§ Task objective
Retype the records below exactly as they stand, omitting the pictures.
-- Opening Marker --
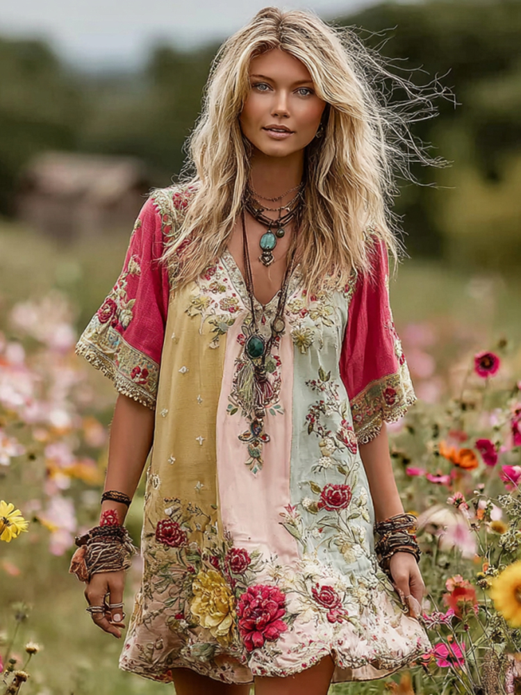 Women's Vintage Rose Floral Art Patchwork V Neck Midi Dress
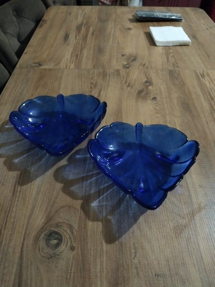 Koyu mavi renkte, vintage tarzda, desen içermeyen iki cam tabak. Servis için uygundur. ️
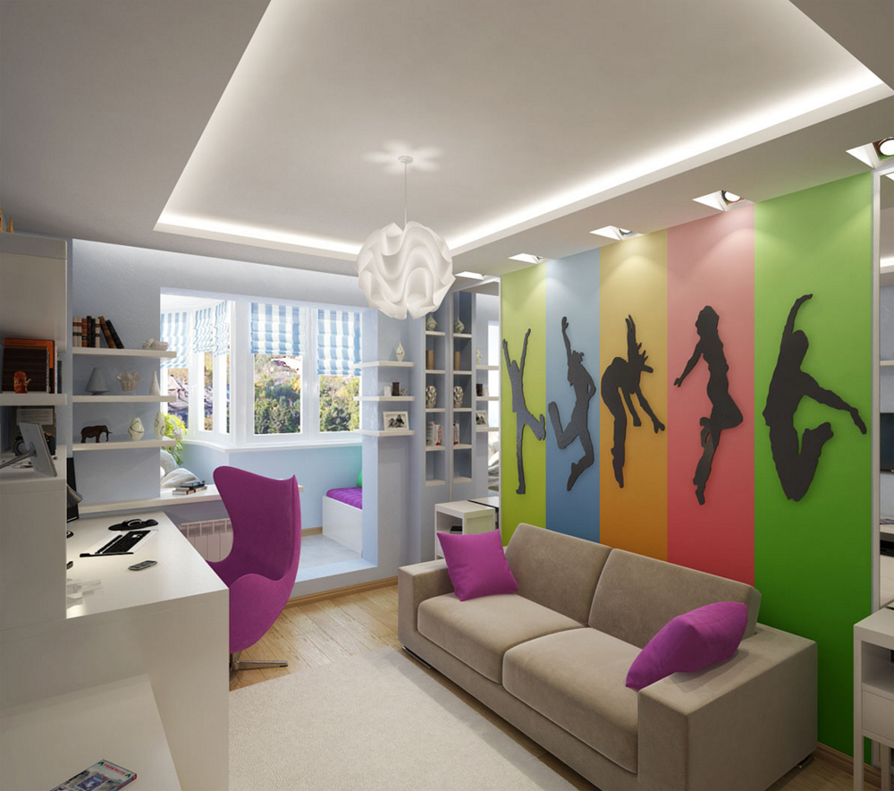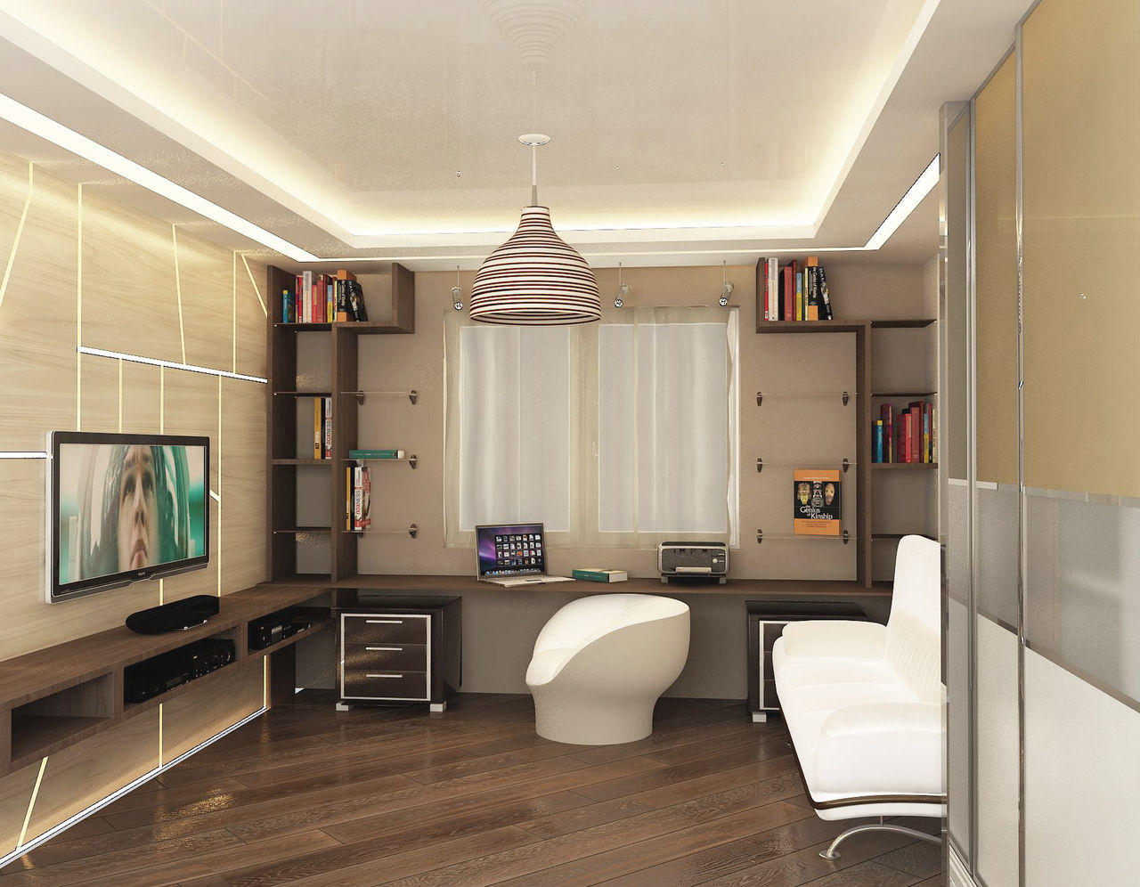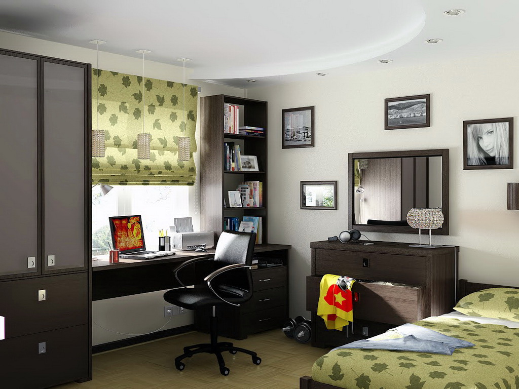 A iluminação adequada na sala do aluno é metade do sucesso. É necessário preservar a visão dos jovens trabalhadores, então instale um bom quarto o lustre com luz quente. O mesmo ponto se aplica à bagunça da sala. Melhor será um gabinete a menos, mas ao mesmo tempo a luz se espalhará uniformemente e a criança não se sentirá em um armário fechado.
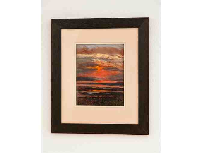 A beautiful sunset on the Great Salt Lake, spontaneously captured in vibrant layers by artist Jennifer Worsely using her homemade pastel chalk. Framed and matted original artwork.
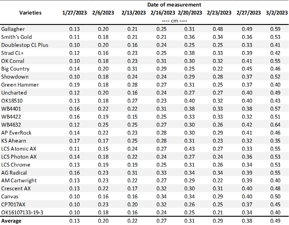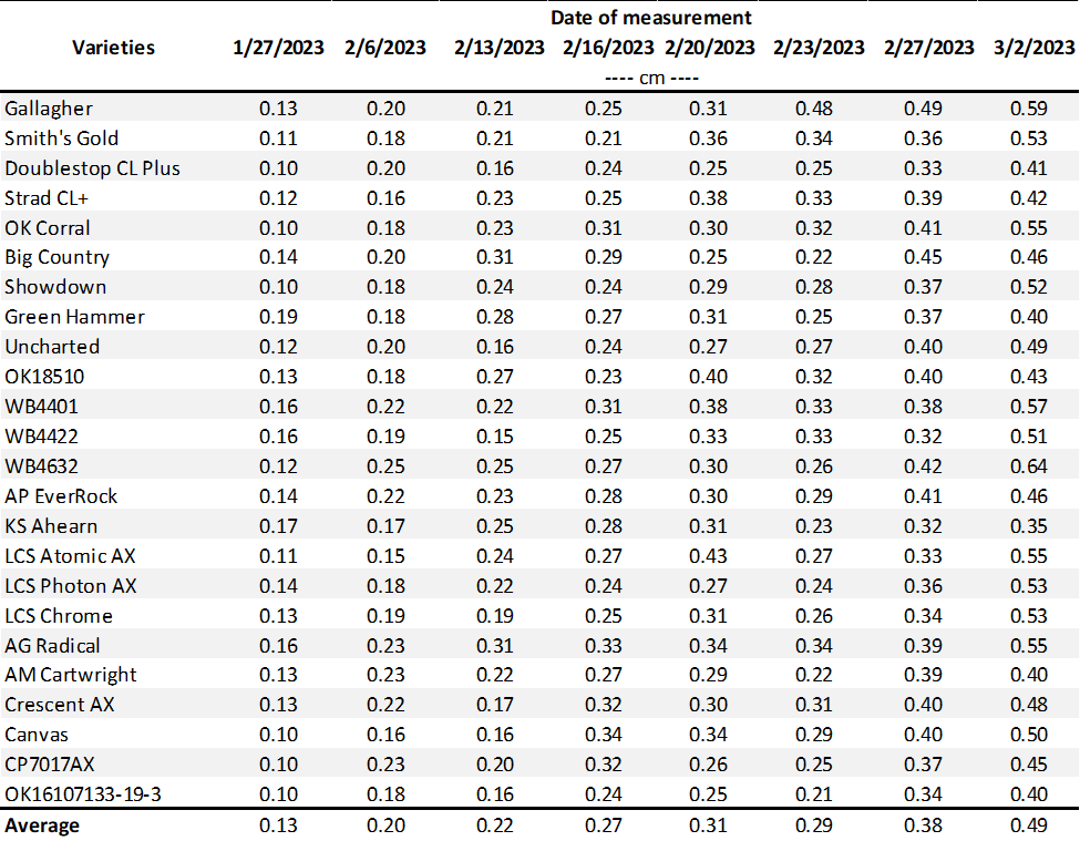 Table 2. First hollow stem (FHS) results for each variety collected at Chickasha. Plots were planted on 10/07/22 but not grazed or clipped. The threshold target for FHS is 1.5 cm (5/8″ or the diameter of a dime). The value of hollow stem for each variety represents the average of ten measurements. Varieties exceeding the threshold are highlighted in red.
-- Closing Marker --
§ Result below
 Women's Vintage Rose Floral Art Patchwork V Neck Midi Dress
 Koyu mavi renkte, vintage tarzda, desen içermeyen iki cam tabak. Servis için uygundur. ️
 A iluminação adequada na sala do aluno é metade do sucesso. É necessário preservar a visão dos jovens trabalhadores, então instale um bom quarto o lustre com luz quente. O mesmo ponto se aplica à bagunça da sala. Melhor será um gabinete a menos, mas ao mesmo tempo a luz se espalhará uniformemente e a criança não se sentirá em um armário fechado.
 A beautiful sunset on the Great Salt Lake, spontaneously captured in vibrant layers by artist Jennifer Worsely using her homemade pastel chalk. Framed and matted original artwork.
 Table 2. First hollow stem (FHS) results for each variety collected at Chickasha. Plots were planted on 10/07/22 but not grazed or clipped. The threshold target for FHS is 1.5 cm (5/8″ or the diameter of a dime). The value of hollow stem for each variety represents the average of ten measurements. Varieties exceeding the threshold are highlighted in red.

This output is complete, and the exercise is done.